10/10
Superlative entertainment!
24 May 2018
Warning: Spoilers
Copyright 1 January 1933 by Samuel Goldwyn. Released through United Artists. New York opening at the Palace: 17 November 1932. London opening at roadshow prices: 8 April 1933. U.K. general release: 14 October 1933. Although the running time in most reference books is quoted at 118 minutes, this seems incorrect. The 1998 video copy runs 91 minutes.

SYNOPSIS: The admirably daffy script has Cantor, an innocent fugitive, wanted for his part in a bank robbery, forced to take refuge in Mexico where the first person he runs across is none other than his old college chum from south of the border, Robert Young, of all people! Young successfully passes Cantor off to his prospective father-in-law, Noah Beery (who doesn't want Young to marry his daughter anyway), as the son of a famous bullfighter.
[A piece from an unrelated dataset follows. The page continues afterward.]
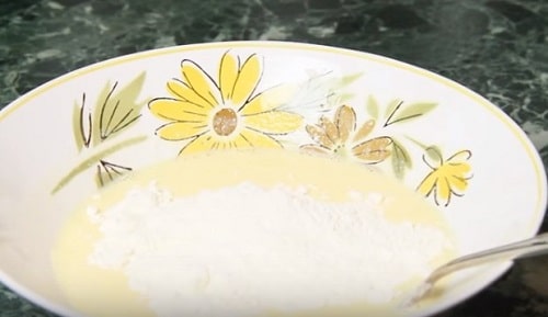 Засипте борошно і додайте приправи, перемішати, щоб вийшло досить густе тісто, як для оладок. Якщо знадобиться, влийте трохи води. Гарненько перемішайте тісто. За бажанням, в кляр допустимо додати тертий на дрібну крихту твердий сир, буде ще смачніше.
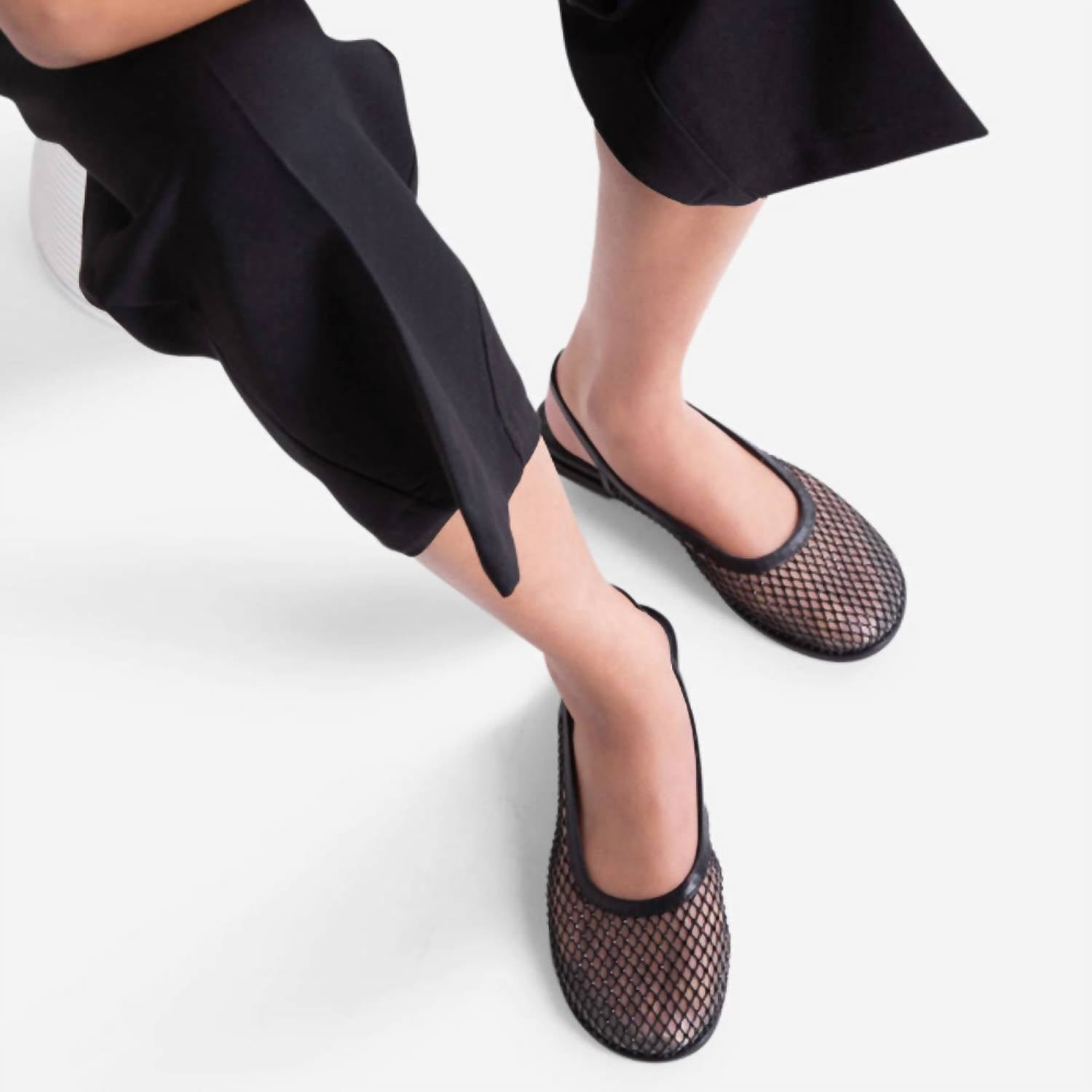 A preppy yet feminine take on the classic loafer. The Anna Slingback Sandal by Intentionally Blank redefines the classic ballet flat with a contemporary twist, crafted with a stylish leather and mesh upper. Featuring a sleek leather lining and a slingback strap with buckle closure, these flats ensure a snug and secure fit. The crystal-embellished mesh adds a touch of elegance, while the rounded toe and a modest 0.5-inch heel create a soft, feminine silhouette. Made in China, these sandals boast a memory foam footbed for added comfort, making them a versatile addition to any warm-weather wardrobe.

NOTES: With a rentals gross of $2.6 million, number one at U.S./Canadian ticket windows for 1932. The picture wasn't quite so popular in England or Australia, in both countries rating fourth for 1933. [(In the U.K. Cavalcade was first, followed by The Good Companions. I think Tell Me Tonight was third). Negative cost: $1,400,000. Film debut of Jane Wyman.

COMMENT: Such superlative entertainment, it's difficult to review the film without lapsing into endless encomiums. From its very opening shot of young Betty Grable to its delightful fade-out on a Cantor-Roberti reprise of "What a Perfect Combination", The Kid from Spain is fun, fun, fun all the way, without so much as a moment's respite. Superbly photographed, set and costumed, with spectacular dance numbers, catchy songs, brilliantly acted by a stand-out cast, directed by a master of stylish, comic timing...
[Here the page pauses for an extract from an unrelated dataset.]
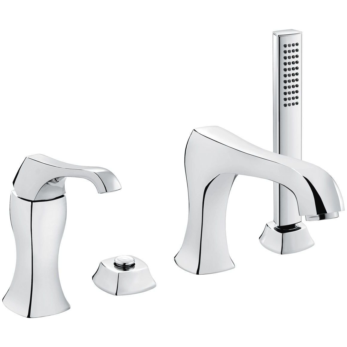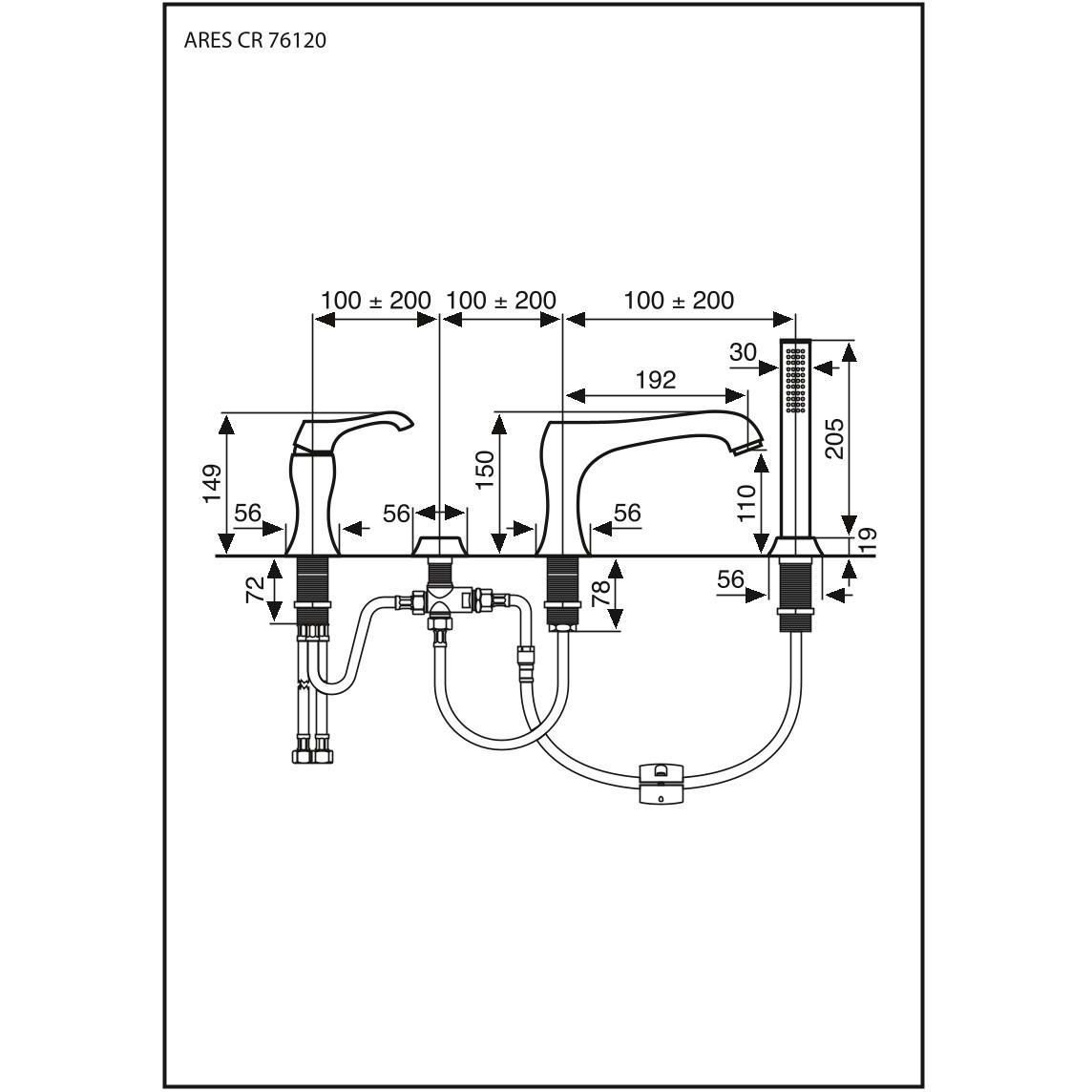 Комплект смесителя на борт ванны Emmevi (Эммеви) Ares, 4 отверстия (излив 19,2 см), с набором для душа, хром, 76120/CR

I could go on in this vein for pages. Maybe I'll just jot down (in purely random order) some of the high spots:

(1) Cantor's run-in with the bull. This comic routine has been used so often over the years since 1932, it would have been no surprise to find that Cantor's material had been stolen many times over. But this isn't the case at all. So spectacular are Cantor's brushes here that no other producer could afford to duplicate them. There's some back projection of course, but so tightly edited are some of the shots, you have to run the sequence four or five times to work out how many of the wonderfully comic, daredevil effects were achieved. We love the word used to stop the bull in his tracks. What a classic!

(2) Cantor's run-in with Paul Porcasi. This has to be one of the funniest border encounters on record. I thought it even more droll than the four Marx Brothers famous encounter with a whole tribe of customs officials in A Night at the Opera.

(3) Cantor's run-ins with Lyda Roberti, that most talented and beautiful comedienne who starred in eleven films before her career was cut short by a fatal heart attack at the age of only 28.

(4) Cantor's run-out on Miljan and Naish to sing his blackface routine, "What a Perfect Combination".

(5) Cantor's run-out on would-be bandit assassin, Stanley Fields.

(6) Cantor singing "In the Moonlight" and flittering through a characteristic dance with Toby Wing and the Goldwyn Girls.

(7) Grace Poggi dancing up a storm, the like of which has rarely been equalled in the cinema. (Maybe Anita Ekberg's "Climb Up the Wall" in Zarak runs close).

(8) Busby Berkeley throwing girls into spinning choreography.

(9) Robert Emmett O'Connor, quixotically dead-pan, as he looks forward to Sunday.

(10) Cantor walking "this way" to the firing squad.